** Problem to work on **
Set down the line containing "Valkoinen nahkasohva. Pohjan" and each line after it through the last line of the records, exactly, leaving pictures out.

** Records for the task follows **

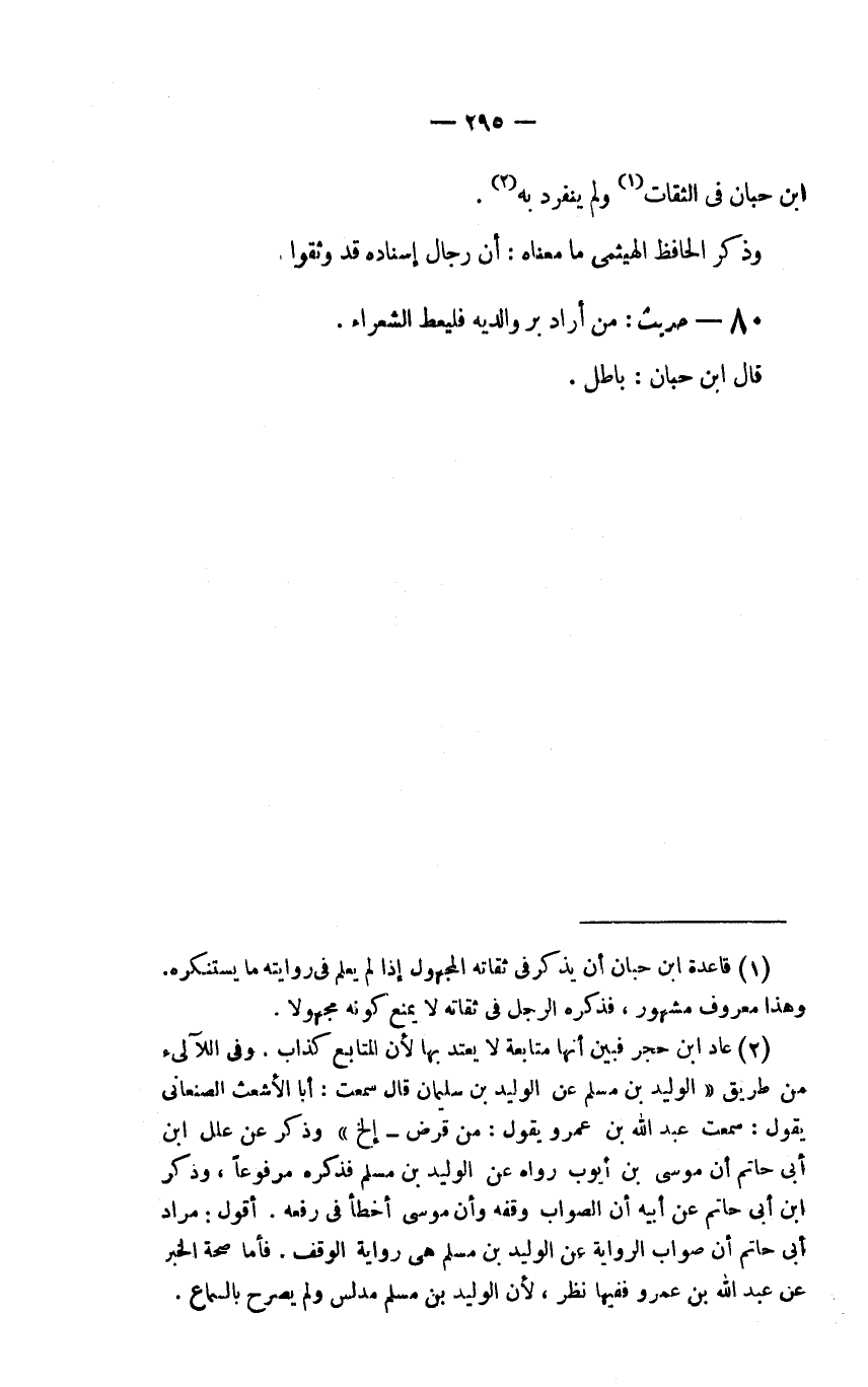 (1) قاعدة ابن حبان أن يذكر في ثقاته المجهول إذا لم يعلم في روايته ما يستنكره. وهذا معروف مشهور، فذكره الرجل في ثقاته لا يمنع كونه مجهولاً
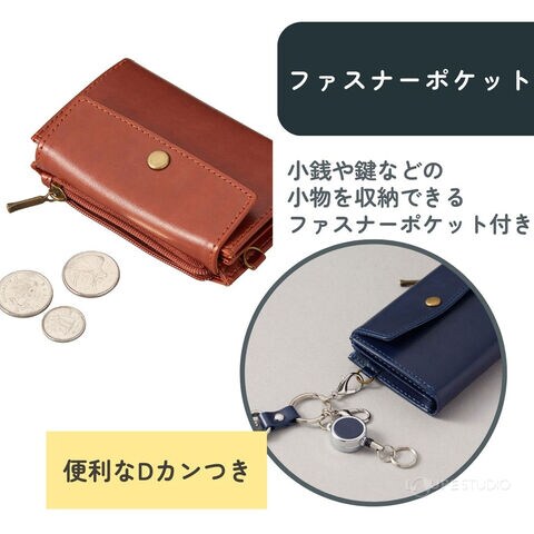 | 仕様 | 仕切付きカードポケット、ファスナーポケット、Dカン付き |
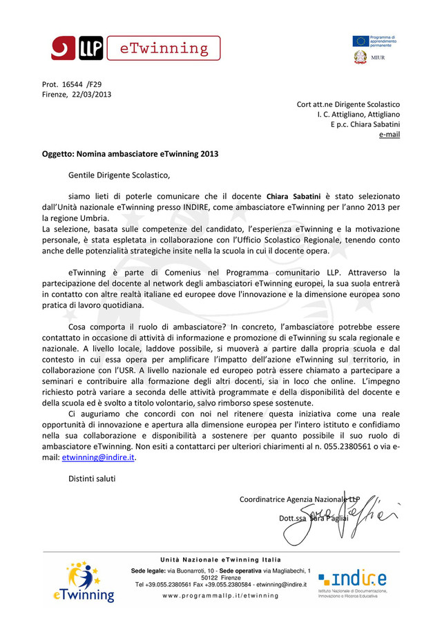 [email protected] w w w . p r o g r a m m a l l p . i t / e t w i n n i n g Prot. 16544 /F29 Firenze, 22/03/2013 Cort att.ne Dirigente Scolastico I. C. Attigliano, Attigliano E p.c. Chiara Sabatini e‐mail Oggetto: Nomina ambasciatore eTwinning 2013 Gentile Dirigente Scolastico, siamo lieti di poterle comunicare che il docente Chiara Sabatini è stato selezionato dall’Unità nazionale eTwinning presso INDIRE, come ambasciatore eTwinning per l’anno 2013 per la regione Umbria. La selezione, basata sulle competenze del candidato, l’esperienza eTwinning e la motivazione personale, è stata espletata in collaborazione con l’Ufficio Scolastico Regionale, tenendo conto anche delle potenzialità strategiche insite nella la scuola in cui il docente opera. eTwinning è parte di Comenius nel Programma comunitario LLP. Attraverso la partecipazione del docente al network degli ambasciatori eTwinning europei, la sua suola entrerà in contatto con altre realtà italiane ed europee dove l'innovazione e la dimensione europea sono pratica di lavoro quotidiana. Cosa comporta il ruolo di ambasciatore? In concreto, l’ambasciatore potrebbe essere contattato in occasione di attività di informazione e promozione di eTwinning su scala regionale e nazionale. A livello locale, laddove possibile, si muoverà a partire dalla propria scuola e dal contesto in cui essa opera per amplificare l’impatto dell’azione eTwinning sul territorio, in collaborazione con l’USR. A livello nazionale ed europeo potrà essere chiamato a partecipare a seminari e contribuire alla formazione degli altri docenti, sia in loco che online. L’impegno richiesto potrà variare a seconda delle attività programmate e della disponibilità del docente e della scuola ed è svolto a titolo volontario, salvo rimborso spese sostenute. Ci auguriamo che concordi con noi nel ritenere questa iniziativa come una reale opportunità di innovazione e apertura alla dimensione europea per l'intero istituto e confidiamo nella sua collaborazione e disponibilità a sostenere per quanto possibile il suo ruolo di ambasciatore eTwinning. Non esiti a contattarci per ulteriori chiarimenti al n. 055.2380561 o via e‐ mail:
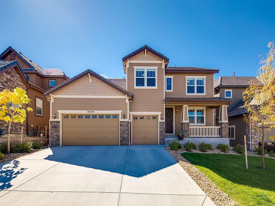 Like-new 2014 home in Meridian Village offers gorgeous interior and quality finishes throughout. Step inside onto Florence maple wide-plank coffee colored hardwoods that continue throughout the main level. Dining room topped with coffered ceiling with crown molding. Windows throughout sport classic plantation shutters. Smart butlers pantry has glass-fronted fridge and cabinets. Pantry connects to roomy kitchen lined with wall-to-wall granite counters. Stainless appliances include double oven and range with vented hood. Kitchen island seats 3 under a trio of pendant lights. Open floor plan. Large family room stays cozy with gas fireplace encased in tile surround and handsome wood mantle. Master suite offers coffered ceiling, 5-piece bath, and huge walk-in closet with custom shelving. All baths have granite counters and tile floors. Backyard is plumbed for firepit and grill. HOA includes community pool. Minutes from Tech Center, highway, malls. Get settled to start the new year fresh!
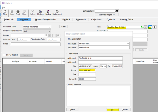 “This plan is currently available in our master plan list. Please search by the address 1 field only, with the numeric portion (ex. 61010). Our latest release gives users with Account Manager Privileges access to Insurances Settings to edit/update the practice account insurance list. Please refer to the Knowledge Base article link below for instructions to maintain the list for insurance name, address, payer id, or insurance type changes.”
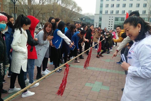 为丰富学生的精神文化生活,增强学生之间的凝聚力,4月7日,附属一院学生科组织学生开展了春季拔河比赛。
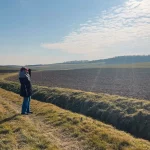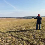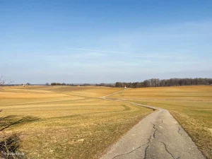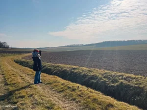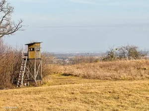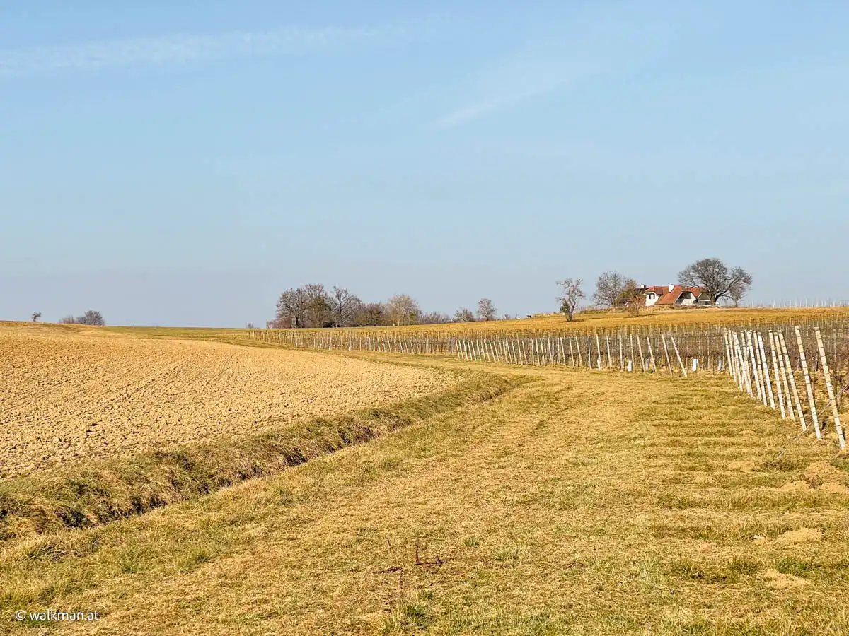 Etwa nach 45 Minuten Wanderzeit am heutigen Tage treten wir, nach erfolgreicher Bewältigung der Steigung, bei Kilometer 2,35 aus dem Wald heraus und werden mit einem tollen Panorama belohnt. Die quasi „Hochebene“ des Hochbergs breitet sich vor uns aus. Sofern es nicht vermessen ist im Burgenland von Hochebenen zu sprechen. Wir sind nun im Hotter von Heiligenbrunn unterwegs.
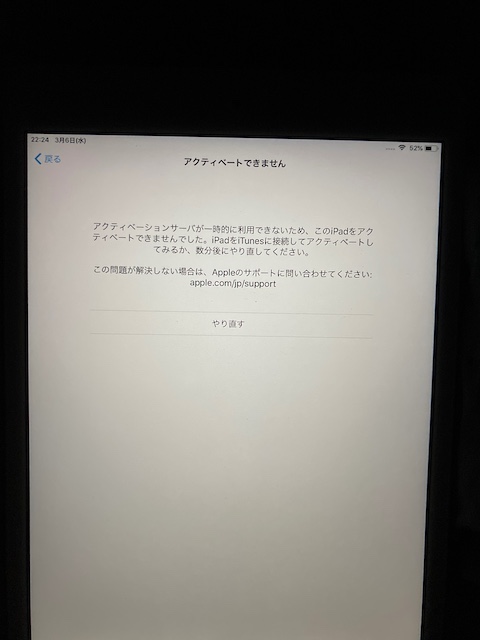 アクティベーションサーバか一時的に利用できないと表示され先へ進めない
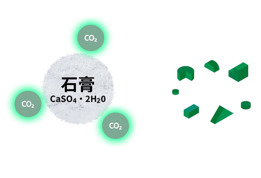 廃石膏ボードを粉砕した粉と、CO₂を反応させることで、
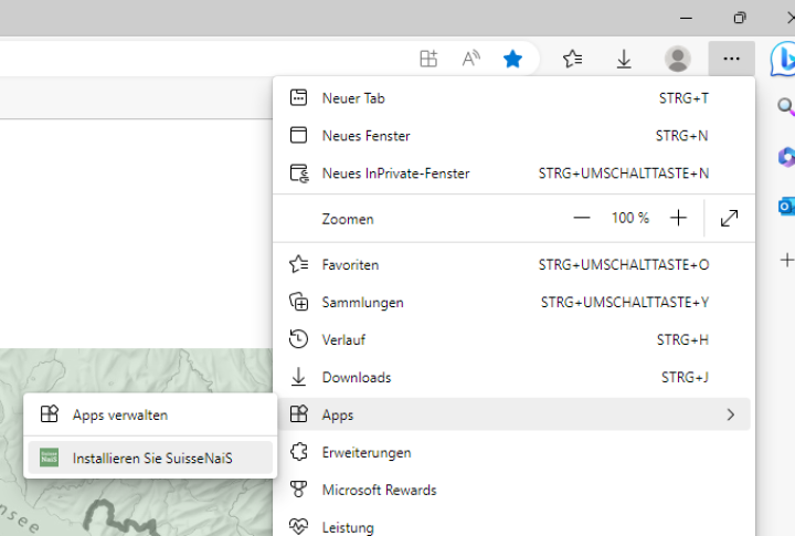 Auf Laptops und Desktop PCs können Sie SuisseNaiS mit dem Browser Microsoft Edge speichern. Dazu klicken Sie auf die drei Punkte oben rechts, wählen Apps und dann Installieren Sie SuisseNaiS
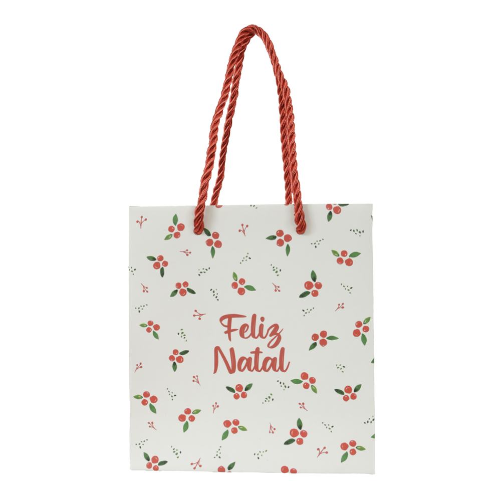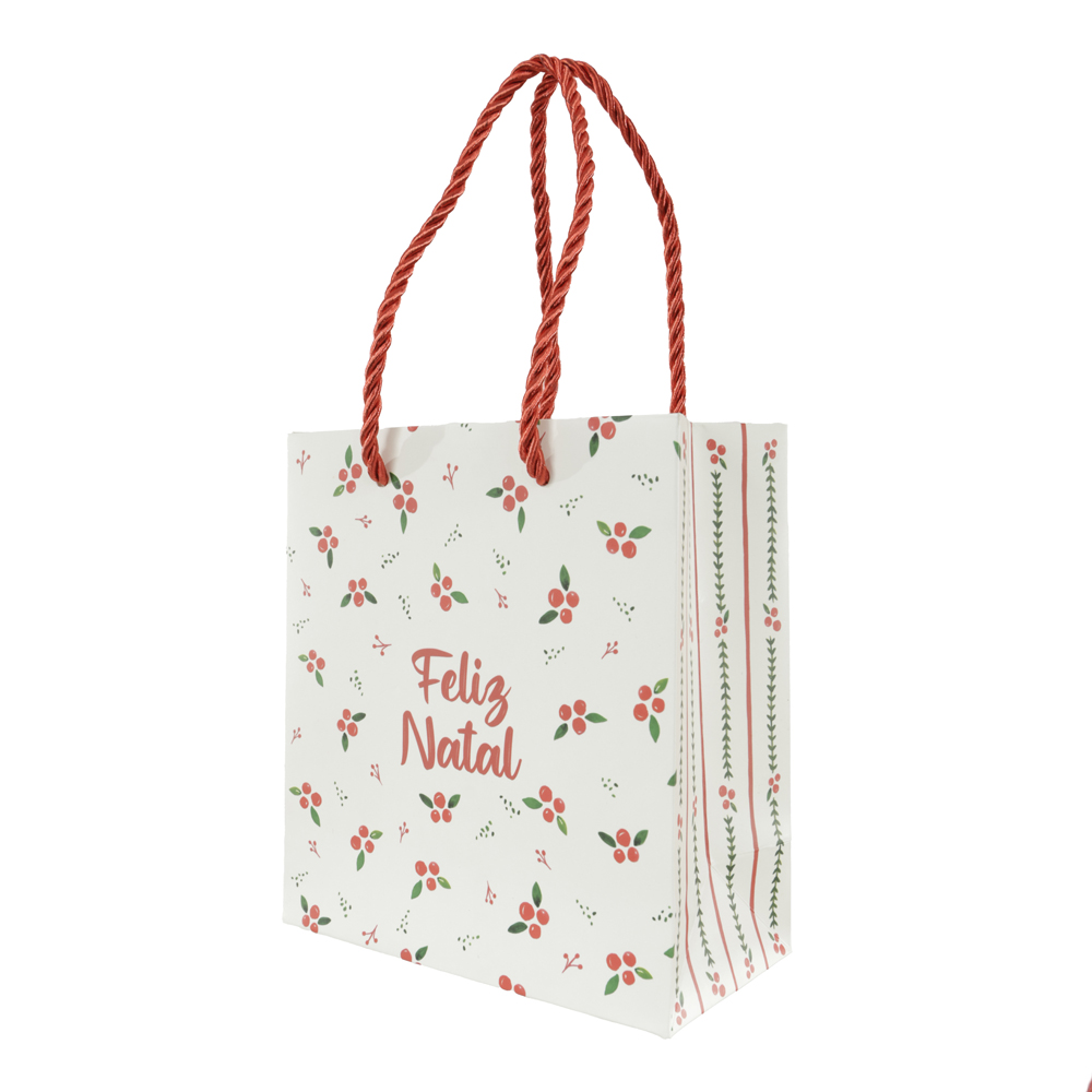 SACOLA DE PAPEL BERRY LISTRAS E POA (VERDE VERMELHO) 15,5X7X14,3cm
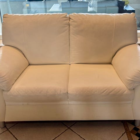 Valkoinen nahkasohva. Pohjan kangas rikki ja siksi kohtalainen kunto, ei haittaa käyttöä.
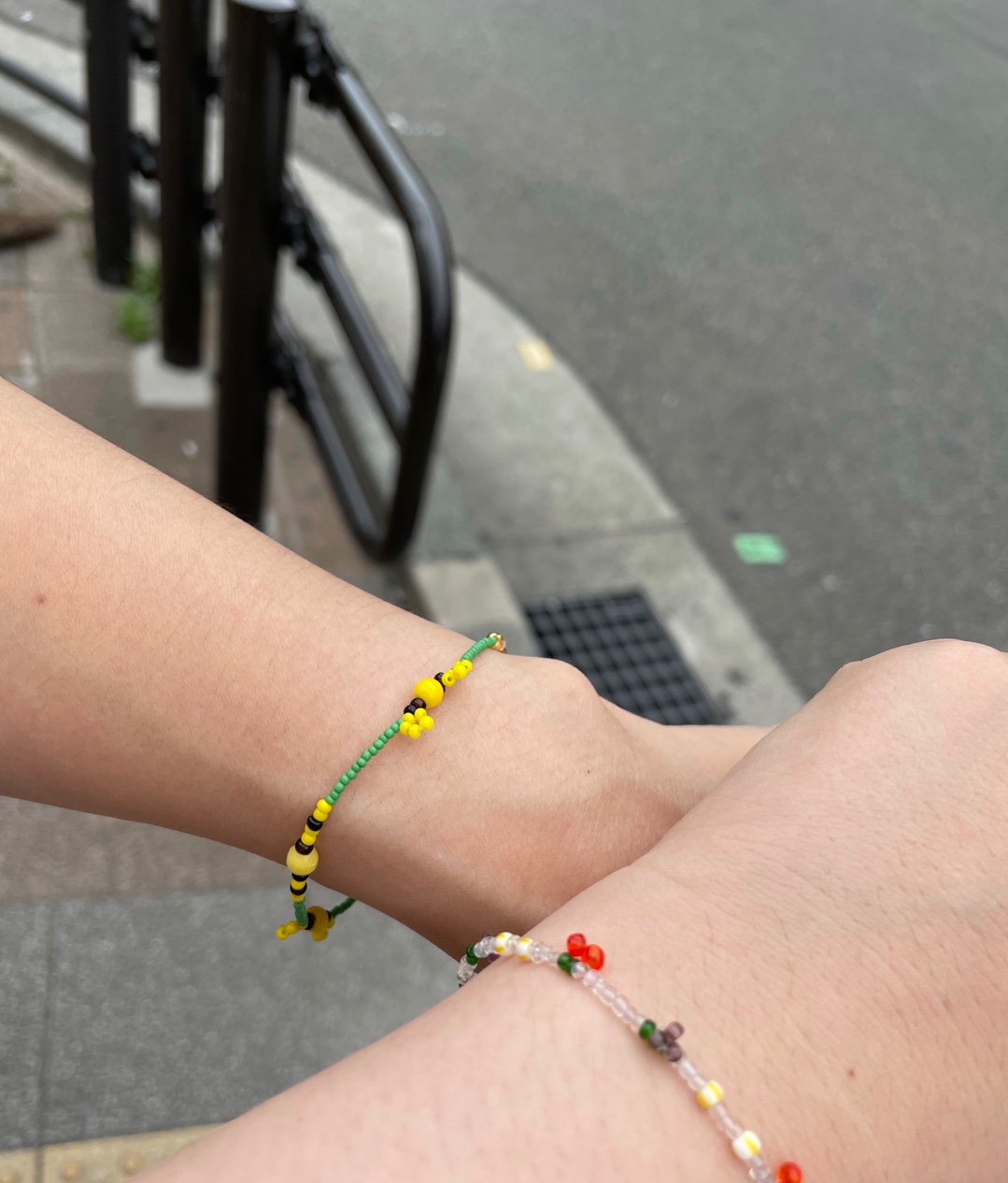 뜬금없이 들어간 단추 같은 걸 많이 파는 가게에서 귀여운 팔지를 샀다.

** End of Records for the task **

** Written reply **
 Valkoinen nahkasohva. Pohjan kangas rikki ja siksi kohtalainen kunto, ei haittaa käyttöä.
 뜬금없이 들어간 단추 같은 걸 많이 파는 가게에서 귀여운 팔지를 샀다.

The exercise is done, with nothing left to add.